Wednesday, 1 April 2015

Carol and the community of TUSC – Transport for Ugandan Sick Children

An article to raise awareness of a fantastic charity which deserves the publicity. TUSC is a small charity working at a community level in Uganda to provide transport to those who essentially need it . It is on further reading about the charity that it can be realised that the focus is not just transport, not at all, but helping people move forward - not only from illness and injury, but also away from a lack of self-belief and towards a much brighter outlook. It is in contributing to a local charity which is how this brightness can continue outwards and inspire. Thank you.

Carol with children and 'Billy Bus'
In her  day job, Carol Mitchell is a nurse,  continuing care for the ill and infirm across Lancashire. Yet it seems that her generosity is not only within local limits. A  keen traveller, Carol   has paid a number of visits to the Jinja region of Uganda, Africa – where, as a mother of three children herself, she was deeply moved by the plight of sick children and their despairing families.  Uganda is the second-most densely populated landlocked country in the Africa, and has faced a number of humanitarian crises in recent years including civil war, resulting in wide-spread poverty.

The poverty faced by people on a daily basis is truly shocking. Carol alludes to her dismay ‘that sick children were not able to get to healthcare because there was no money to get them there ..... families often have to choose between eating or treatment .’ Whilst we have the NHS to turn to in moments of crisis, some Ugandan families have no one. Why open an article with such a personal anecdote? Because charity CAN be and is importantly personal – involving compassion and care. For example, Carol was determined to  get the wheels turning to ensure that families in this region of Uganda were not alone in times of trouble – literally.

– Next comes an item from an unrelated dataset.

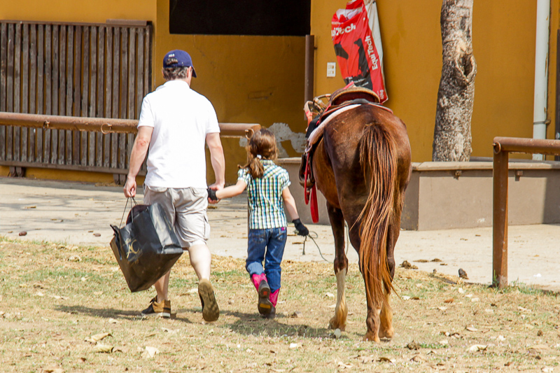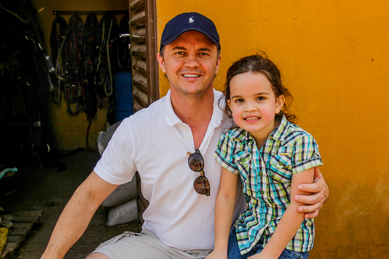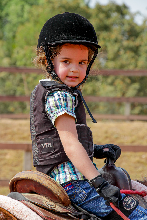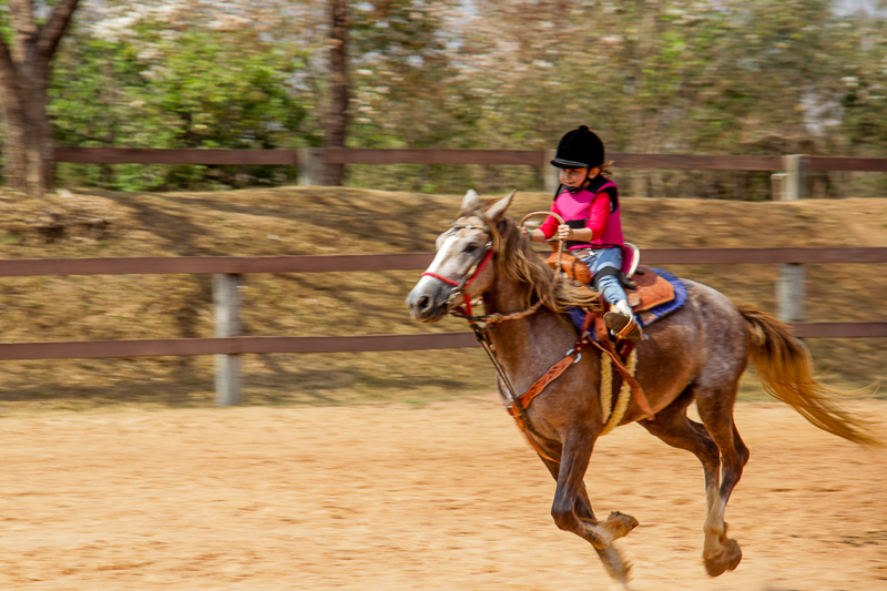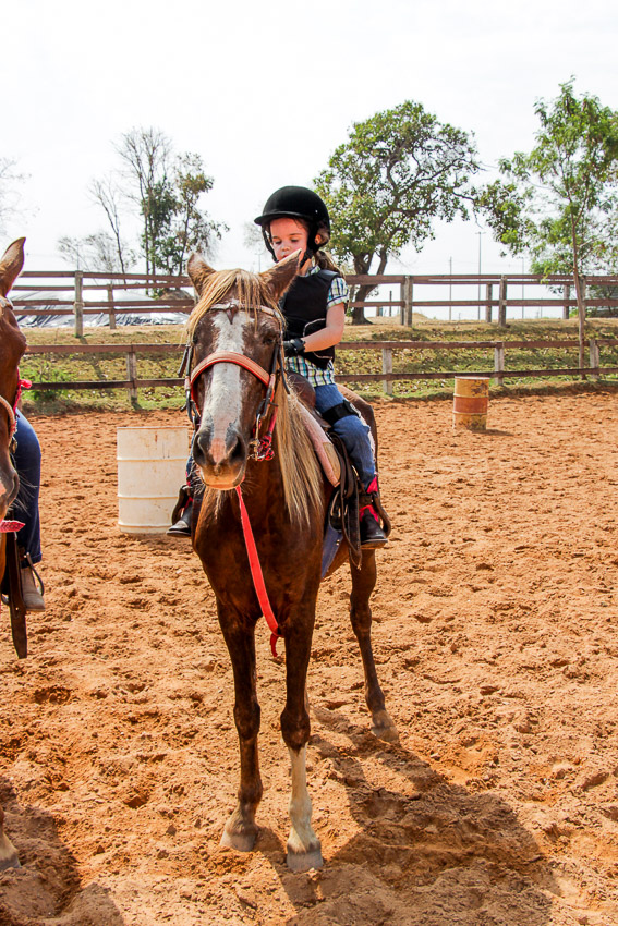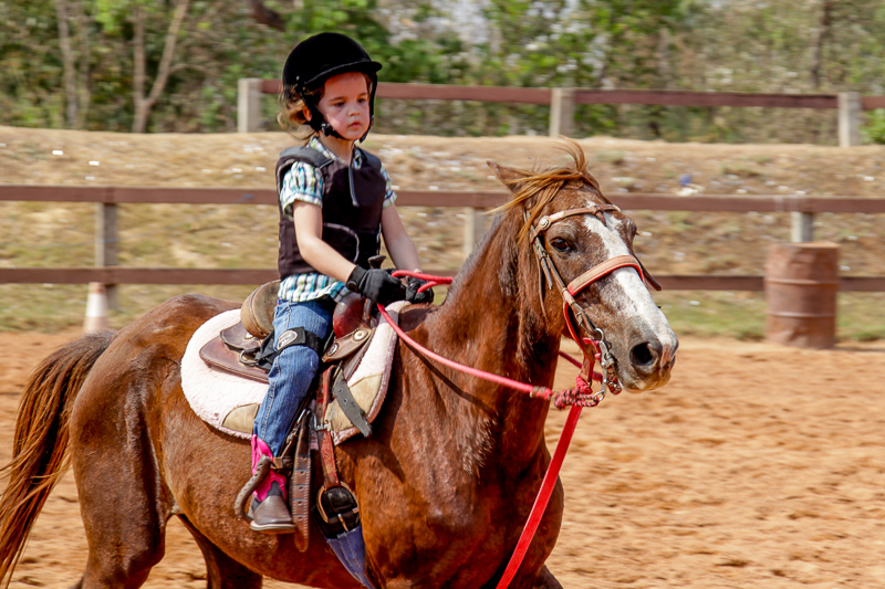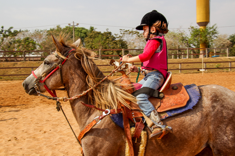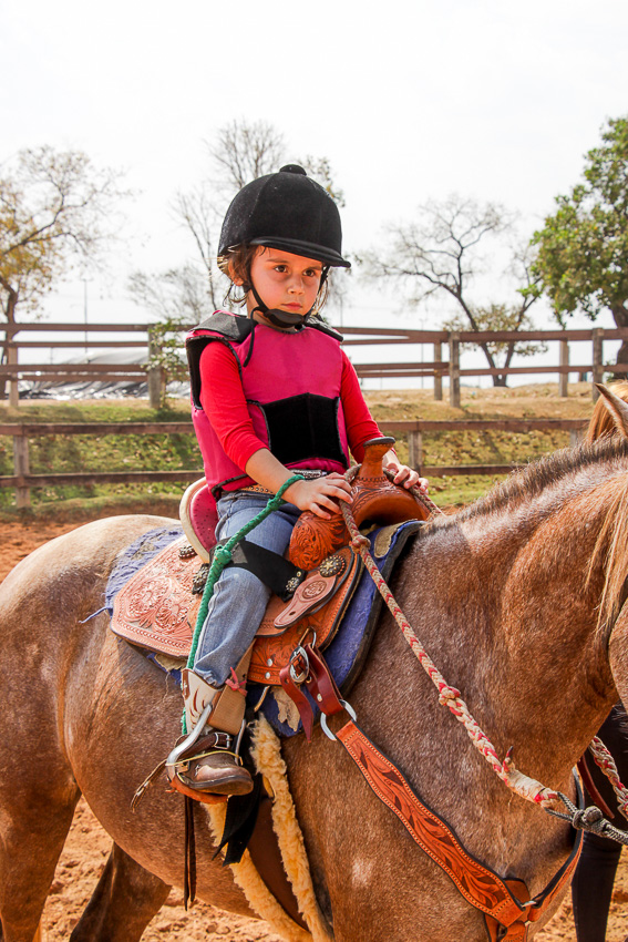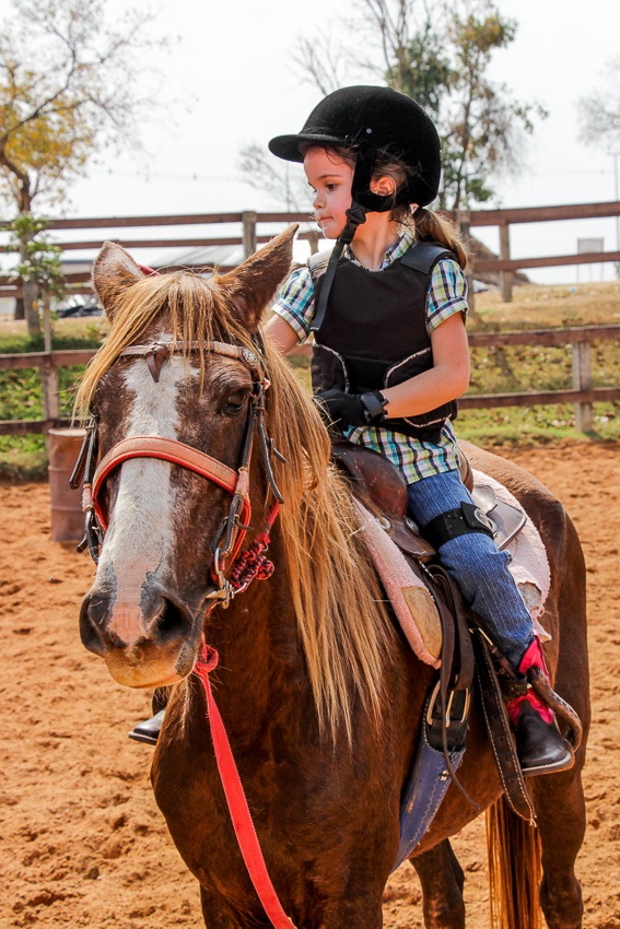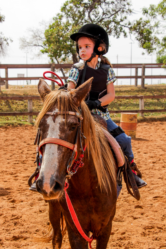 A pequena começou a montar sozinha assim que conseguiu se segurar em cima do cavalo, mas antes mesmo disso já cavalgada acompanhada do pai.

Things in motion for the families of Uganda

It was with the help and guidance of local man Weere Yakub and cooperation with local hospitals that Carol came up with the idea of providing a vehicle to visit villages on a planned basis so  that  vulnerable people unable to make the journey themselves, such as  sick children and pregnant women,  can be transported to healthcare facilities. Unlike Carol’s freedom to travel and administer care in Rossendale, the people of Uganda face highly limited mobile healthcare services and transport links which are often inadequate to take them to hospital in the case of emergency. This is especially dangerous for children. It was with this in mind that Carol continued forward with the establishment  of what is now called TUSC – Transport for Ugandan Sick Children. They can ve visited at
Weere Yakub, The TUSC project manager based in Uganda and 'Billy Bus'

TUSC not only seeks to provide transport to and from hospital for vulnerable people, but is also a free service, therefore making healthcare much more accessible for those who would have once been daunted by the financial implications of going to hospital. This accessibility is furthered in that TUSC also aims to provide ‘outreach’ support – teaching communities in Uganda basic health care, potentially empowering families.  This can involve helping the  disabled in the community and increasing awareness rather than ostracising. Such care and power began under the inspiration of one woman from Bacup, Lancashire and now, although based in the UK, TUSC has a permanent presence in Uganda also.

Best time with Billy Bus

This presence is perhaps best seen in the smiling faces of the children and the TUSC ‘Billy Bus’  - the transport vehicle for the charity which was bought in 2012 through public support. TUSC is a small but extremely hard-working charity, and Carol pledges ‘We are totally dependent upon the good will of our supporters and every penny we receive is used to run our vehicle and provide mosquito nets.’ It is in contributing to TUSC, even by the smallest amount,  people potential, like Carol, to make a really significant difference. It is a case of families here supporting families there – a brilliant network. And this support really can be seen and felt – you can follow TUSC on Facebook, or "Givingabit", where your online shopping can benefit us without it costing you extra... and as we face growing fuel costs a regular donation of any amount would be amazingly valued."

 You can be part of this and in supporting such an active charity  acting first-hand with the Ugandan
community.  After all, small charities can still address critical issues as well as being potentially flexible to changing circumstances. What is so crucial about the work of TUSC is that it seeks to  actively better the lives of Ugandan people, encouraging and enabling them to make the most of the resources they have, as far as possible. This may be from allowing a mother the security of giving birth in a hospital, to the prospect of families having access to treatments for a vulnerable or disabled relative. That people might be otherwise left alone in such circumstances is deeply upsetting.

 By supporting  a small, locally-based charity like TUSC this year, you are avoiding big draining corporate measures and instead contributing to the people as directly as possible. In light of recent American figures, as well  as the statistics that Uganda is rated among countries perceived as very corrupt by Transparency International, at a scale of 29 – with  0 being most corrupt and 100 clean) – this may  well be an important way for charity to develop; directly connecting with the people, just as it works to connect people with the right health care. TUSC provides attentive, honest and compassionate care for those communities who need it.